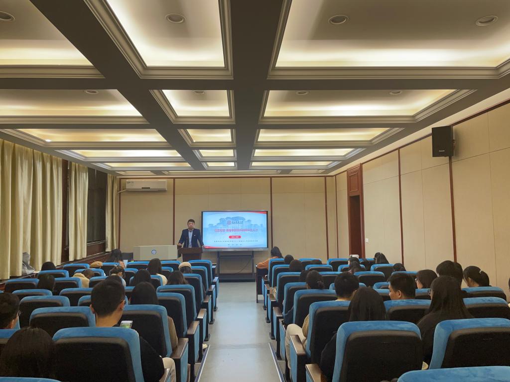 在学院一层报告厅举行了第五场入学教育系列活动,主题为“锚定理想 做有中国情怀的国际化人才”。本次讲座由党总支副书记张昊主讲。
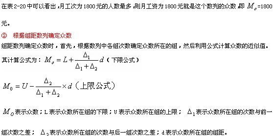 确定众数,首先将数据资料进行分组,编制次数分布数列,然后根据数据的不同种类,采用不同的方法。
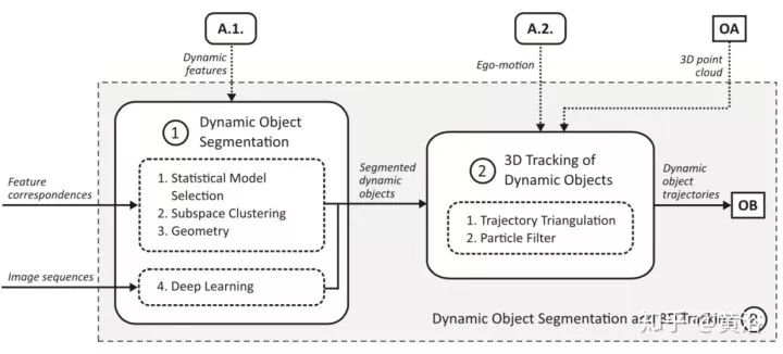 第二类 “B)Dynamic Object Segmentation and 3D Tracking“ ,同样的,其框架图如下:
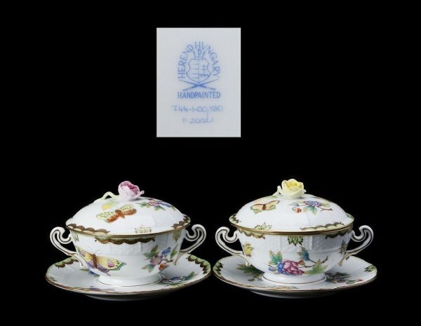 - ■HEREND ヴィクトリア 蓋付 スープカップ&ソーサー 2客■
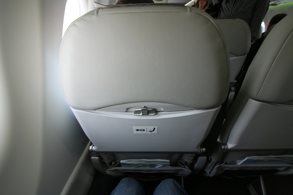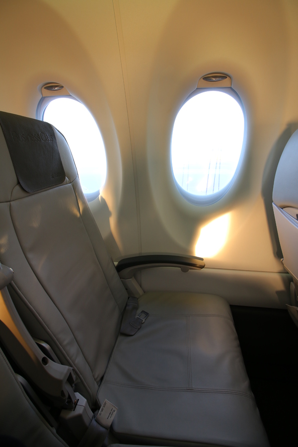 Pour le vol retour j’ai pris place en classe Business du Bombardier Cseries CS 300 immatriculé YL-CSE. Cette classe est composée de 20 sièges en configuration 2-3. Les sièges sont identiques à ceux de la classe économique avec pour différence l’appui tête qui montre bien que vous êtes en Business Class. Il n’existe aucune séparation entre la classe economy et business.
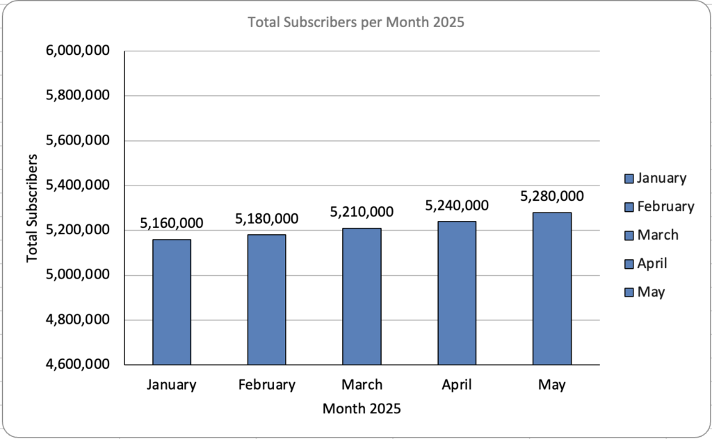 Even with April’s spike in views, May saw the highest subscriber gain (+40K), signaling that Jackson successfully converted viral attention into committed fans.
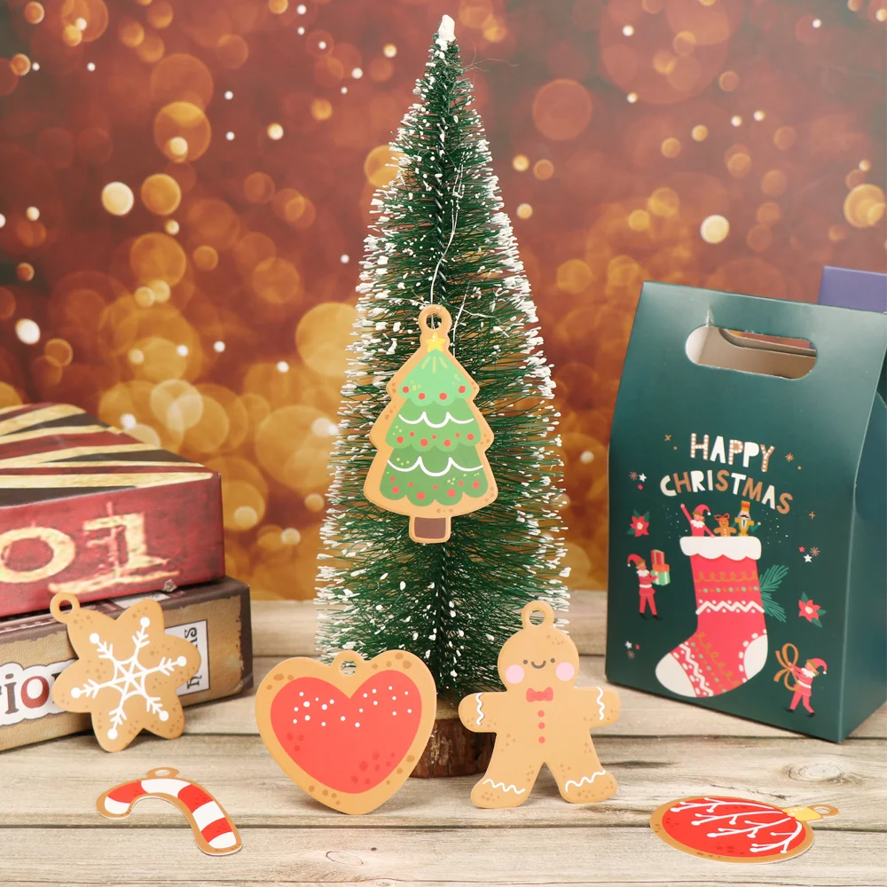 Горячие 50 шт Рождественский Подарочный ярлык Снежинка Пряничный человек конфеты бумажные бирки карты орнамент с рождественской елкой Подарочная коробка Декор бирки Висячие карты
---
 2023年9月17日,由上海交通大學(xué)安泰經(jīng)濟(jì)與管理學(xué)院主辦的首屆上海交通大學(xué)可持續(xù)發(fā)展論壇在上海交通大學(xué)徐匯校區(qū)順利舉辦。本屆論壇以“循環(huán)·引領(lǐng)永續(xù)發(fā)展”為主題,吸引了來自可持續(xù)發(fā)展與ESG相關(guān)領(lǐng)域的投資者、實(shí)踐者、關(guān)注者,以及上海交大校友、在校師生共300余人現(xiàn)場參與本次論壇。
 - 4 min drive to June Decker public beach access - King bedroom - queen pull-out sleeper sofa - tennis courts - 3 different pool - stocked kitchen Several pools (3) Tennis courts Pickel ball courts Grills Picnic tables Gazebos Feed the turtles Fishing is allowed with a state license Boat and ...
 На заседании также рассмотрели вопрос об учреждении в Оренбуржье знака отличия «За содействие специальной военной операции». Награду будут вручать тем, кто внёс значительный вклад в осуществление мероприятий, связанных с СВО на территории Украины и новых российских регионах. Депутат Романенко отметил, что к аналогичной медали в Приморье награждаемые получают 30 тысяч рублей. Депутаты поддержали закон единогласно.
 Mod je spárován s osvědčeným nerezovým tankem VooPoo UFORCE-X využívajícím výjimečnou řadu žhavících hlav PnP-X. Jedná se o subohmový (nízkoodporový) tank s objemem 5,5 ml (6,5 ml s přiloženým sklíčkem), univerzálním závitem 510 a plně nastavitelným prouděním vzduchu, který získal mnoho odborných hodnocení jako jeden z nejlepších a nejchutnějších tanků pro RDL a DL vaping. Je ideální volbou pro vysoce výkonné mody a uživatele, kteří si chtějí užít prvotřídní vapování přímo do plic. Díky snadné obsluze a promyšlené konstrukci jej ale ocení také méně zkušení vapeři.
--
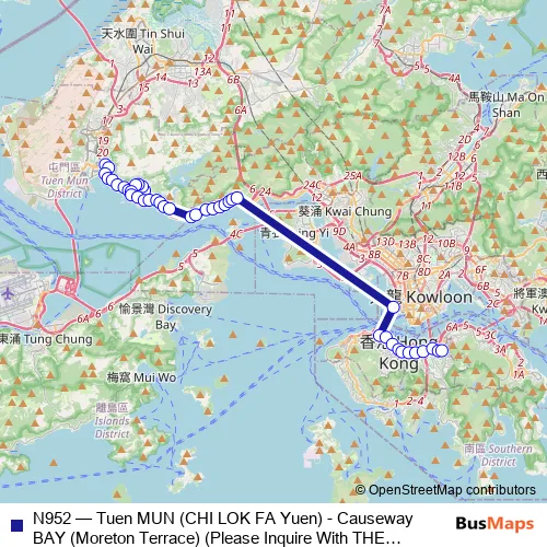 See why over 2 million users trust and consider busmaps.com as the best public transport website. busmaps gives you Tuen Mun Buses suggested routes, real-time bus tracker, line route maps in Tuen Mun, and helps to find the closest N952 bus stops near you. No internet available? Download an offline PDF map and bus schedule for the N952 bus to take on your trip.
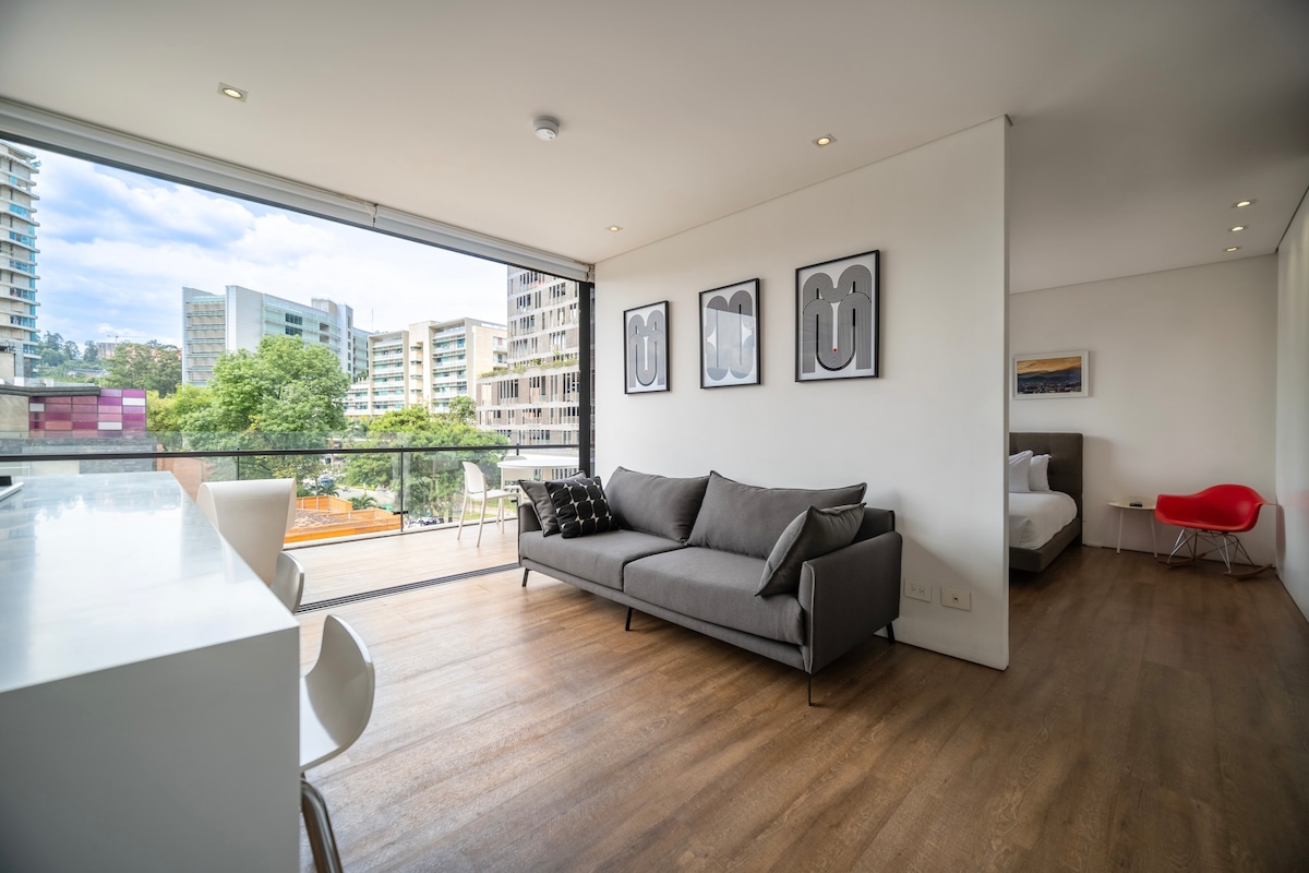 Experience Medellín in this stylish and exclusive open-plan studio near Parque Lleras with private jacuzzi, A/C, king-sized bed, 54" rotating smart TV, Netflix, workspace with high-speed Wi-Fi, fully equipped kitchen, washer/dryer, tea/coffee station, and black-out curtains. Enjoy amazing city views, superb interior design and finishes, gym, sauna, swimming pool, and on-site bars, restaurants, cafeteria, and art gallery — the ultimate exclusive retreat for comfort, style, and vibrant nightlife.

§ **DESCRIPTION OF THE TASK**:
Please print the lines above word for word, starting at the one with "Pour le vol" and ending at the one with "Even with April’s", both included, and without any picture.

§ **RESPONSE FOR THIS EXERCISE**:
 Pour le vol retour j’ai pris place en classe Business du Bombardier Cseries CS 300 immatriculé YL-CSE. Cette classe est composée de 20 sièges en configuration 2-3. Les sièges sont identiques à ceux de la classe économique avec pour différence l’appui tête qui montre bien que vous êtes en Business Class. Il n’existe aucune séparation entre la classe economy et business.
 Even with April’s spike in views, May saw the highest subscriber gain (+40K), signaling that Jackson successfully converted viral attention into committed fans.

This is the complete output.